Pietrantone has been the Friends’ executive director for two years. He said, during that time, he helped persuade the Trust to move away from the idea of creating its own new independent fundraising group to working with the Friends.
As for the fact that the Friends have sued the Trust, Pietrantone admitted it was “a delicate issue.”
However, he said, “I think there’s no way we can raise funds without being advocates.”
Yet, he noted, there have only been two lawsuits, and they’ve both had positive results for the park. The first suit — to get the city’s garbage trucks off of Gansevoort Peninsula, so it can be transformed into a park — has already netted the park $27 million in late fees that the city had to pay the Trust as part of the suit’s settlement. The second lawsuit — over the West 30th Street heliport — recently succeeded in ending tourist helicopter flights in the park.

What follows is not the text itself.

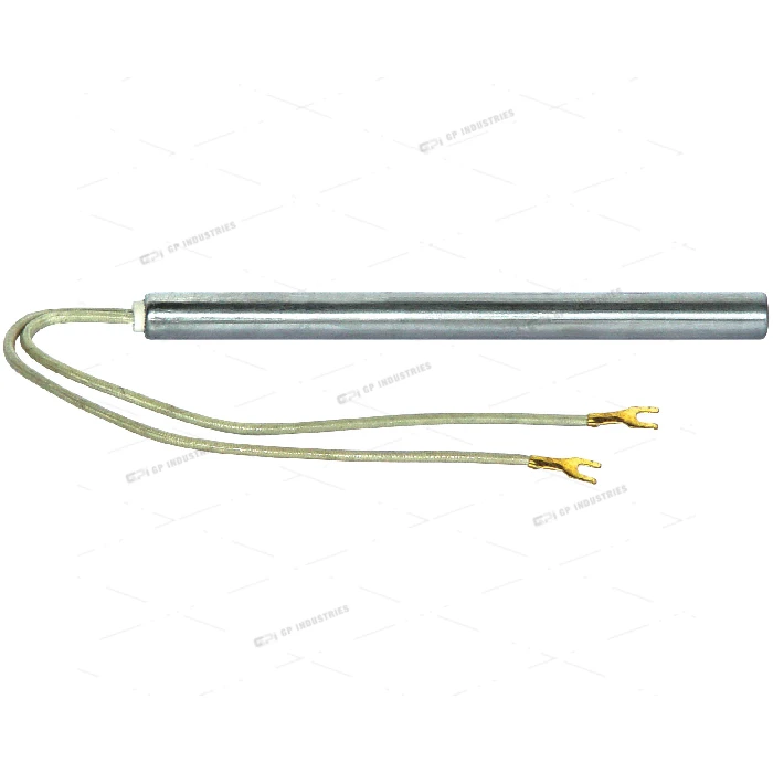 A fully sheathed miniature 12V 50W (nominal) heater which has been specially developed for use with the block calorimeters. The element is housed in a 150mm stainless steel tube. The Electrical is via 180mm flying leads with heat resisting insulation.

“Most of the actions we’ve taken have simply been enforcing elements of the Hudson River Park Act,” he noted. Pietrantone said, with the park three-quarters complete and the Friends poised to become the Trust’s fundraiser, the Friends are now “looking for someone else to take up that responsibility of enforcing the park act.”

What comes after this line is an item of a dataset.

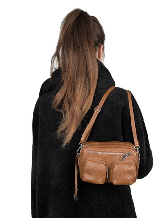 FLLE 4-601-U DOL CU SVenezia brand handbag made of very good quality natural leather in a matching brown color. The inside of the bag is trimmed with black fabric with the Venezia logo printed on it. The bag consists of one compartment. There is one zippered pocket inside. Additionally, 3 outer pockets with zippers. The metal fittings are silver in color. The bag has a detachable strap with an adjustable max. 110 cm long. Dimensions: height 15 cm, width 21 cm, depth 8 cm. Despite its small size, it will certainly accommodate all the necessary feminine trinkets. Do not hesitate, order today and have fun with the colors matching this model to different styles.

Regarding concerns that the Friends would become the park’s de facto operator if they were its fundraiser, Pietrantone said, “I think we’re not interested in running the park, by any means. We’re a small organization. We have six staff.”
Incremental approach
He said it’s realistic to think the Friends could raise $5 million a year for Hudson River Park. But that obviously wouldn’t cover — at least not all at once — the $50 million to $60 million that’s needed to repair the 14-acre Pier 40’s crumbling and corroding infrastructure. On the other hand, “an incremental approach” would work at Pier 40, he said: Sections of roof could be repaired bit by bit, and, similarly, rusting metal support pilings could selectively be encased in concrete to protect them from the salt water. To fully “repurpose” the pier to accommodate added new uses would cost up to $150 million, he said.

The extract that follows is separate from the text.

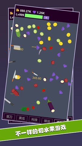 3、玩家可以选择不同种类的刀,并不断升级刀,才能切开更多的食物来获得更多的金币和钻石。

Showing they can bring in the bucks, the Friends fundraised $25,000 for the maintenance of the Linden Miller Garden in the park’s new Chelsea section. Through fundraising dinners, they’ve raised a total of $60,000 that they’ve given to the Trust over the past two years.
“I think there is an organized constituency of people in the community who want to see Hudson River Park succeed,” he said. “There are quite a few people of means who are involved in the park. The Mike Novogratzes and Paul Ullmans of the world are on the Trust board and use Pier 40.” Both Novogratz and Ullman are in finance, with Novogratz — a recent gubernatorial appointee to the board — a billionaire. They both have children who play in youth sports leagues on the athletic field at Pier 40.
And while the Friends’ 30-member board currently contains mainly grassroots community activist types, it also has some heavy hitters, Pietrantone noted. Developer Douglas Durst is co-chairperson of the Friends’ board, while Susanna Aaron — wife of Gary Ginsberg, a former top executive at News Corporation — also recently became a board member.
“We began as a group of activists, and have remained a group of activists,” Pietrantone said. “But since I’ve come on board, the people on the board are less connected to the creation of the park. We’ll have room for both the activists and the philanthropists.”
In an e-mail, Noreen Doyle, the Trust’s vice president, said the discussion of private fundraising for Hudson River Park isn’t linked to any decisions about the future of Pier 40.
“Our board has not made any new decisions regarding Pier 40 — that remains subject to separate study,” she said. “I can, however, confirm that no major R.F.P.’s are currently underway.”